Ouabain is a glycoside for the heart and, in lesser doses, it can be utilized to treat hypotension as well as some arrhythmias.
It works by blocking the Na/K-ATPase, which is also known as the sodium-potassium-ion pump.
However, modifications to the alpha-subunit Na+/K+-ATPase, through amino acid substitutions were observed on specific species.
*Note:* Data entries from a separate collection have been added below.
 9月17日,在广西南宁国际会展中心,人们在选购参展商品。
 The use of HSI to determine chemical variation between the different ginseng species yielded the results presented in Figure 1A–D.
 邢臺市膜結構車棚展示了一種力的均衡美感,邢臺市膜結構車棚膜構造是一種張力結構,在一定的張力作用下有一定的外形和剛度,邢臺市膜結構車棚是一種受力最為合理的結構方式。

Specifically the herbivore-insect species which have led to resistance to toxins.
This substance has been classified a highly dangerous chemical throughout the United States as defined in Section 302 of the U.S.
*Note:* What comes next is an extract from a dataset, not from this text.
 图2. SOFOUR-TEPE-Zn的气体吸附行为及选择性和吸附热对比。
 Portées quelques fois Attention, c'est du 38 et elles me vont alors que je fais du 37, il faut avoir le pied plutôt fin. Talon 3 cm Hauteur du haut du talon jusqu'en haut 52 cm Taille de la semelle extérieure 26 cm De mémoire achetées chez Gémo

Emergency Planning and Community Right-to-Know Act (42 U.S.C. 11002) and is subject to stringent reporting requirements by all facilities that manufacture, store, or utilize it in large quantities.
ouabain
Sources
Ouabain is located in the roots stems, leaves, as well as the seeds of Acokanthera Schimperi and Strophanthus Gracious plants Both are indigenous to the eastern part of Africa.
Mechanism of action
Ouabain is a glycoside in the heart which acts by inhibiting sodium-potassium ion-pump (but it’s not selective). Once the ouabain has bound to this enzyme, it ceases functioning, leading to an increase in intracellular sodium.
This rise in intracellular sodium diminishes the function. That the sodium calcium exchanger (NCX) that pump one calcium ion out the cell, and three sodium ions into cells down the gradient of their concentration.
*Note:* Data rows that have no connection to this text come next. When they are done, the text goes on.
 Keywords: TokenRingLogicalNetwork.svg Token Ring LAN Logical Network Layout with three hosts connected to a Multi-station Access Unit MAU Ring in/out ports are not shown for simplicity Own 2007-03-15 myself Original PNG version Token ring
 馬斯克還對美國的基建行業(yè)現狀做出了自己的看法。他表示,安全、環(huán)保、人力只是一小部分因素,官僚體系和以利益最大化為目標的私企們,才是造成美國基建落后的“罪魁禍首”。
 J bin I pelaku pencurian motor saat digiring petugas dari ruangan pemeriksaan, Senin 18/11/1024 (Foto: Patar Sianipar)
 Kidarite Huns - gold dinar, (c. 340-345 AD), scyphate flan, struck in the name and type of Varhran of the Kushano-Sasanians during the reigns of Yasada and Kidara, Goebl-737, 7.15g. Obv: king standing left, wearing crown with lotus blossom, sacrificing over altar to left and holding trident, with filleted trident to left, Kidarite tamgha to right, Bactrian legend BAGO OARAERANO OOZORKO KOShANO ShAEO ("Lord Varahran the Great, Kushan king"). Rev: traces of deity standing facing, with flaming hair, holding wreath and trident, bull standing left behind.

This is why the decrease in the gradient of concentration of sodium in the cell. Which happens when the Na/K-ATPase enzyme is blocked hinders the capability to allow the NCX to perform its function.
This causes an increase in intracellular calcium. This leads to increased cardiac contractility as well as an increase in the cardiac vagal tone. The changes in ionic gradients that are caused by ouabain may alter the voltage of the membranes of cells, resulting in arrhythmias of the heart.
The signs
A high dose of ouabain may be identified by the appearance of these symptoms. That include rapid twitching in the chest and neck muscles breathing distress, an increase and irregular heartbeat, increase in blood pressureand convulsions wheezing and clicking, as well as gasping rattle.
The cause of death is cardiac arrest.
Toxicology
Ouabain is a very toxic chemical with an LD50 that is 5 mg/kg it is administered in rodents’ stomachs.
But, it is not bioavailable and is not well absorbed by the digestive tract. As most of the oral dose is eliminated. Injecting it intravenously results in higher available levels and has been demonstrated to reduce levels of LD50 by 2.2 mg/kg, even in rodents.
After intravenous administration the beginning of the action takes place within 2 to 10 minutes. In humans with the greatest effect lasting over 1.5 hours.
Ouabain is eliminated via excretion from the kidney, which is mostly unaltered.
Ouabain is eliminated via excretion from the kidney, which is mostly unaltered.
The biological impacts
Endogenous ouabain
In the year 1991, a sodium pump inhibitor with high affinity. Which was not different from ouabain was found in the circulation of humans and suggested. One possible mediators of the long-term blood pressure. As well as the higher salt excretion in response to the loading of salt and volume.
This substance was a blocker of sodium pump, which was similar to digitalis. Many different analytical methods resulted in the conclusion. That the circulating chemical was called ouabain. That humans produced the hormone as an exogenous one.
The majority scientists believed that the inhibitor was endogenous ouabain, and the evidence was convincing to support the idea its production within the adrenal gland.
A first speculation about the data from an analytical perspective resulted in the hypothesis that the endogenous ouabain could be the 11 epimer i.e. It was an isomer of the plant ouabain.
But, this possibility was ruled out by a variety of methods such as the synthesizing of 11 epimers as well as the evidence that it exhibits distinct chromatographic characteristics in comparison to ouabain.
The most important thing is that the first observations about the discovery orabain as a mammal was replicated and verified using a variety tissue samples from three distinct continents using advanced analytical techniques which are described elsewhere.
Medical applications
While ouabain is not allowed in the USA and Canada, it is still used it is still used in France and Germany intravenous orabin is a well-established treatment for treatments for heart failure and some are still advocating its use either intravenously or orally for angina pectoris and myocardial infarction, despite its weak and varied absorption.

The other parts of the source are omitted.